Saturday, April 24, 2010

回来了~~

过了好几天额假期回去wangsa读书,准备考试我的structural跟maths1~
这次是我做的最有信心的一次~不知道成绩会如何~但愿一切顺利~

希望这次最少可以及格两科~最好all pass~
那我的lastsem就不会那么的压力了~唉~不然的话等死咯
昨晚跟燕去了langat山,闹了一点笑话~哈哈~
原来我以为小云顶就是有gasoline扥那个地方~
马的原来不是小云顶是垃圾地方来的~gasoline的事叫langat山
到最后跑了一圈冤枉路才去到~不过算了吧~昨晚老板娘没心情
就陪陪她看看怎样咯~唉,我这个做哥的还真有点失败~那样子都安慰不到人家

今天还是在office呆着。。做工~不然的话我早在家大觉睡了咯~
刚才log in了我的面子书~看到很多人突然间变成in relationship去~
看到傻眼了,不知道今天是不是大好日子~哈哈~看回我自己还是一个人
不知道做么没有那个想恋爱的感觉了~虽然一个人是很可怜下啦~
可是,或许真的很累了吧~每天做工,还要准备考试,还要读书~唉~
这样的生活好想快点可以结束~回复我的学院生生活~在家读书睡觉

做做下工会突然间觉得有点emo去~什么问题哦?傻了啊?还是气妈根了?
灯下放工之后快快回家休息下先,下午还要过去wangsa搬家~带东西回来~
之后再跟lester他们去kepong吃晚餐~之后再去找白佬借notes下才回家~
希望今晚不回到很迟吧,不然又要被人家碎碎念了~
唉,还没找到房子,有点开始担心+烦恼了~五月十号开始,我就要回去了
因为朋友叫我做streamyx的promoter~所以要早点回去那边~可是,没房子住
难道要我睡在街上啊?唉。。到底我要什么?干嘛我那么不清楚我自己!

Friday, April 9, 2010

感慨人生喜怒无常~人无百日好

今天做工的时候做到一半~突然间听到风声,说site出了意外~scaffoldings倒塌了下来~
有人从六楼跌下来当场死亡!听到之后都不是很确定,但愿是我自己听错
虽然他跟我没关系~可是毕竟也是人一个,有感觉的~后来看到老板脸色变了
才知道我没听错!唉,真的是人生喜怒无常~不知道自己几时会走~几时会留下

今天好好的,明天就不在了~前一分钟跟你开玩笑,下一分钟就离你而去了
今天的甜甜蜜蜜,可能明天就是一把鼻涕一把眼泪了~
命运,总是喜欢把人们玩弄于股掌之中。。人家奉公守法,用劳力换取金钱
为什么他会有这样子的命运?可是那些社会败类,被抓了之后还是无罪释放
听了之后自己越想越多东西~为什么我总是不会好好的珍惜现在?难道我要死了才后悔?
我每天都是今天推明天,明天推后天~结果考试就来要到了!我的数学,不了了之!
如果,突然间明天我死了,我的数学都还没有及格过一次,我岂不是抱憾终身?

我觉得很累了,或许我真的不是读书的材料?我也不知道~我只是知道我读书读到很累了。。但是人家都安慰我说,数学只是我人生中一个小小的考验,pass过去了就前途无量~问题是~
我现在pass不过去~我连看都不想看
随便比喻成这样吧 , “我不喜欢吃牛肉,你叫我吃试试看,到最后我还是会呕吐,弄到自己辛苦,得不偿失。。毕竟心理的那个感觉已经深深的生根扎住了” 牛肉不好吃就好象数学我没可能pass那样子的道理。。

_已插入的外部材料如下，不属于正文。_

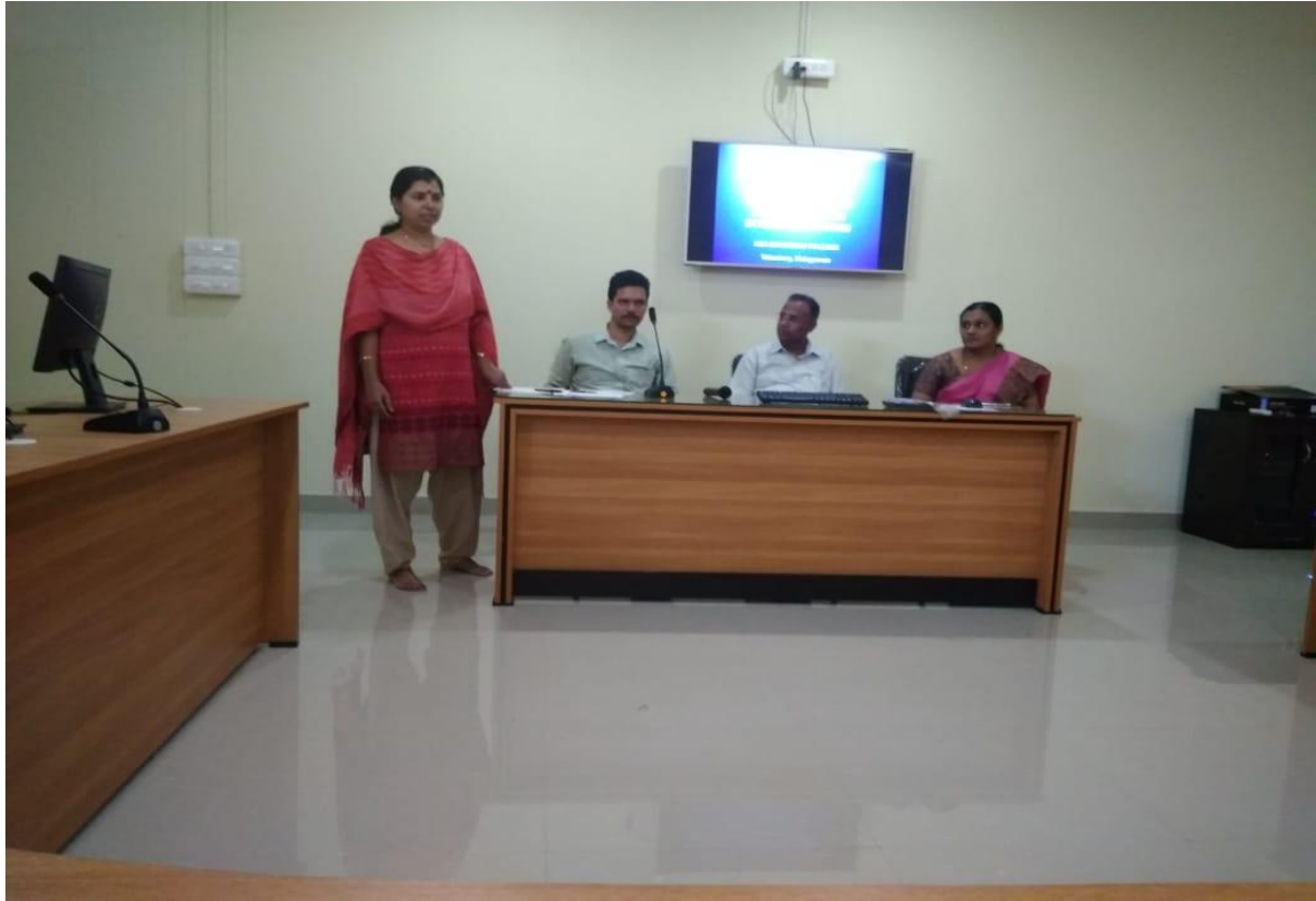
INTERNAL MENTORS MEETING

不管厨师如何的厉害煮,我还是不喜欢吃,不会吃,不敢吃
不管我的数学老师多好,我还是不喜欢做,不会做,不敢面对我的不会做!
我落得如此下场只可以怨自己,怪不了别人~只怪当初识错人,无心向学~
还自以为是洋洋得意不可一世~现在?报应来了~对,我是坏人,我是笨蛋,我没有,我废柴

Wednesday, April 7, 2010

back to blogging

well, as how the title, i had abandon my blog for quite some times.
now finally I'm free to write something here since around one month ago..
now this period i'm having my industrail training, everyday need sleep early wake early
totally different and not my style of life as before when i'm still studying in college~
so far already almost 7 weeks i working in this company.. and yet i had learned something
i had did some autocad, progress claim, quotation document, went site, BQ, and also calculating cost but i dunno izzit can consider under estimating or measurement~ some days i'm busy like hell.. yet some days im free like hell until can do my own things whole day long in office..
my boss and everyone here treat me not bad.. all also so friendly.. not like how we watch in hong kong drama that everyone will be keep looking for others' "kriptonite".. den tell boss~ but since im working, i had realize something else, but no good to telling here to every people..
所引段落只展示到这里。